Grasping the Complexity of Anti-Tumor Immunity: Looking at T cells and beyond

Vivien Veninga

Research output: ThesisDoctoral thesis 2 (Research NOT UU / Graduation UU)

Abstract

This thesis aims to understand the anti-tumor potential of different immune cell types while carefully considering the complexity of tumor-immune cell interactions. To investigate anti-tumor immunity in a personalized manner, which may support clinical translation, choosing the right model system is of high importance. Patient-derived tumor organoids (PDTOs) resemble the phenotypic and genetic characteristics of the original tumor and allow for the readout of autologous immune responses. As PDTOs are fundamental to the research of this thesis, Chapter 2 will highlight the opportunities and challenges associated with the model system concerning precision medicine.

Chapter 3 reports on our attempt to perform whole-genome CRISPR Cas9 knockout screens on PDTOs to identify modulators of autologous CD8+ T cell killing. Based on two independent fully autologous screens of microsatellite instable colorectal cancer (MSI CRC) PDTOs and expanded tumor-reactive CD8+ T cells, sensitizers and resistors to T cell killing were identified and validated.
In line with the goal to better understand T cell killing and reactivity, Chapter 4 dissects T cell dynamics during co-culture with PDTOs, albeit at a much smaller scale. Here, we aimed to understand differences in T cell reactivity based on expression and chromatin accessibility profiles.

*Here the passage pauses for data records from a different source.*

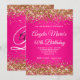 Monogram 40 födelsedagar guld Glitter Shock rosa Inbjudningar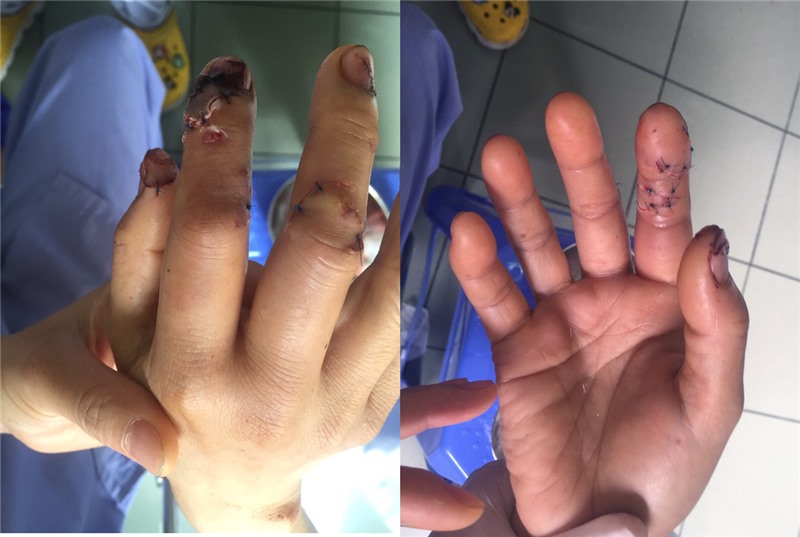 Người bệnh là Nguyễn Thị V. 44 tuổi, trú tại Hải Hòa - Móng Cái. Trước đó tại gia đình, chị và người nhà có sử dụng máy xay sinh tố. Trong khi kiểm tra phía trong máy thì người nhà nhỡ tay bấm vào nút xay, khiến ngón tay chị V. bị dập nát. Gia đình đã băng tạm, đưa chị tới một bệnh viện gần nhà và được chỉ định cắt bỏ 2 ngón tay này.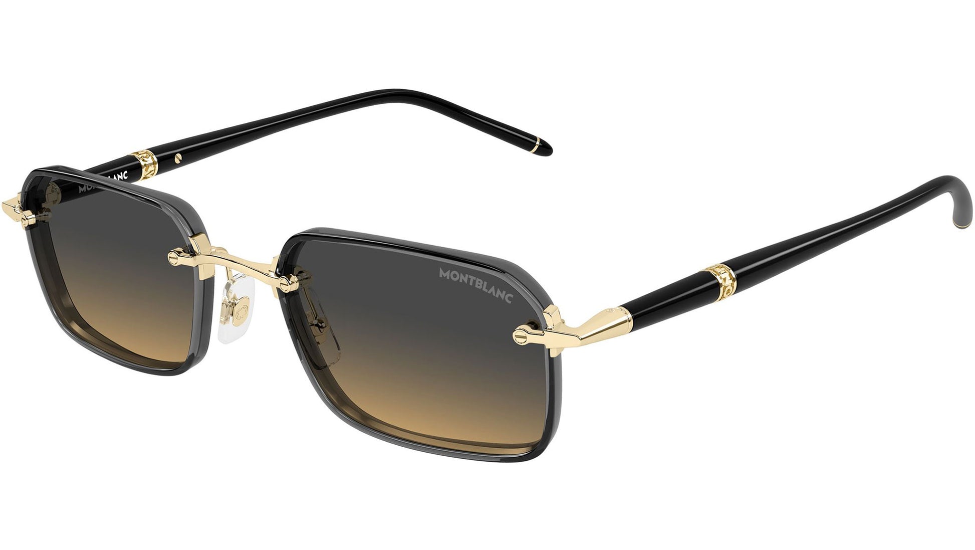 Montblanc MB0483S 002 sunglasses for men, featuring shiny light gold / shiny transparent grey eyerim rectangular metal frame and double gradient grey / orange bio nylon lenses. Brand line: Meisterstück. Style code: MB0483S. Color code: 002. Made in Japan. Authorized Montblanc online reseller. Your glasses will include the original case and accessories and are covered by a 12-month global warranty.

Chapter 5 sheds light on how tumors, invisible to CD8+ T cells, can respond to ICI treatment. Following a comprehensive multi-omics analysis of mismatch repair-deficient (MMR-d) B2M mutant CRC tumors and patient cohorts, we identified γδ T cells as effectors of ICI response. Differential gene expression analysis of two independent patient cohorts treated with ICI, surface marker phenotyping, and single-cell RNA analysis of tumor-infiltrating γδ T cells, along with in vitro experiments using CRC cell lines as well as isogenic B2M mutant/knockout PDTOs, confirmed a cytotoxic phenotype and enhanced reactivity of Vδ1/3 T cells towards B2M mutant MMR-d CRC tumors.

Taking the discoveries of Chapter 5 one step further, we asked whether our findings of enhanced γδ T cell tumor reactivity in the context of MMR-d CRC can be translated to MMR-p CRC. These tumors generally do not respond well to ICI treatment, and any advancement in initiating a better immune response would be a promising step forward. Chapter 6 summarizes our most recent findings on introducing a B2M mutation in MMR-p CRC as an effort to increase γδ T cell reactivity.

Lastly, Chapter 7 explores hematopoietic stem and progenitor cell-derived NK cell (HSPC-NK cells) reactivity towards PDTOs to characterize activating and inhibiting ligands, as well as the investigating the role of IFNγ on tumor recognition. Moreover, using pairs of CRC PDTOs derived before and after ICI treatment revealed reduced HSPC-NK cell reactivity towards post ICI treatment-derived PDTOs. In line with Chapter 4, this could point towards the involvement of immune cells, other than conventional T cells, to ICI response.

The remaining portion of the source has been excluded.